14. What is equally concerning are the judge's findings in paragraph 53 when she noted that the Appellant had made no mention of travelling with an agent or being introduced to an Immigration Officer at the airport. The judge found it "reasonable to expect him to have mentioned this at interview." However she does not say that the Appellant was ever asked about this at interview (I cannot see that he was asked about this) and thus again this finding may be unfair on the Appellant.
15. Importantly - and what is decisive in the outcome of this appeal - the judge also finds the fact that he travelled on his own passport indicates that he was of no adverse interest to the authorities and did not perceive himself to be at risk of apprehension. As the grounds of appeal point out that these findings are against the objective evidence and country guidance contained in GJ.

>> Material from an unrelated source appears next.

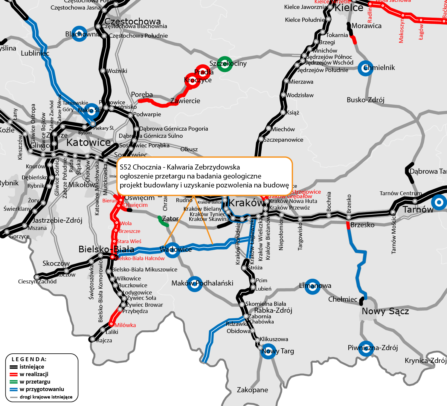 „Ogłosiliśmy przetarg na przeprowadzenie badań geologicznych, przygotowanie projektu budowlanego i uzyskanie pozwolenia na budowę dla kolejnego odcinka Beskidzkiej Drogi Integracyjnej. To 20 km drogi ekspresowej S52 między przyszłymi węzłami Chocznia i Kalwaria Zebrzydowska Wschód. Na oferty czekamy do 25 lutego br. „

16. In all these circumstances it seems to me that there are errors of fact in the judge's decision which taken together amount to a material error of law. The judgment is not safe and unfortunately there will have to be a fresh hearing.
17. The decision of the First-tier Tribunal is therefore set aside in its entirety. No findings of the First-tier Tribunal are to stand. Under Section 12(2)(b)(i) of the 2007 Act and of Practice Statement 7.2 the nature and extent of the judicial fact-finding necessary for the decision to be remade is such that it is appropriate to remit the case to the First-tier Tribunal.

Notice of Decision
The making of the decision of the First-tier Tribunal did involve the making of an error on a point of law.
I set aside the decision.
I remit the appeal to the First-tier Tribunal.
I shall maintain the anonymity direction.


Direction Regarding Anonymity - Rule 14 of the Tribunal Procedure (Upper Tribunal) Rules 2008
Unless and until a Tribunal or court directs otherwise, the Appellant is granted anonymity. No report of these proceedings shall directly or indirectly identify him or any member of their family. This direction applies both to the Appellant and to the Respondent. Failure to comply with this direction could lead to contempt of court proceedings.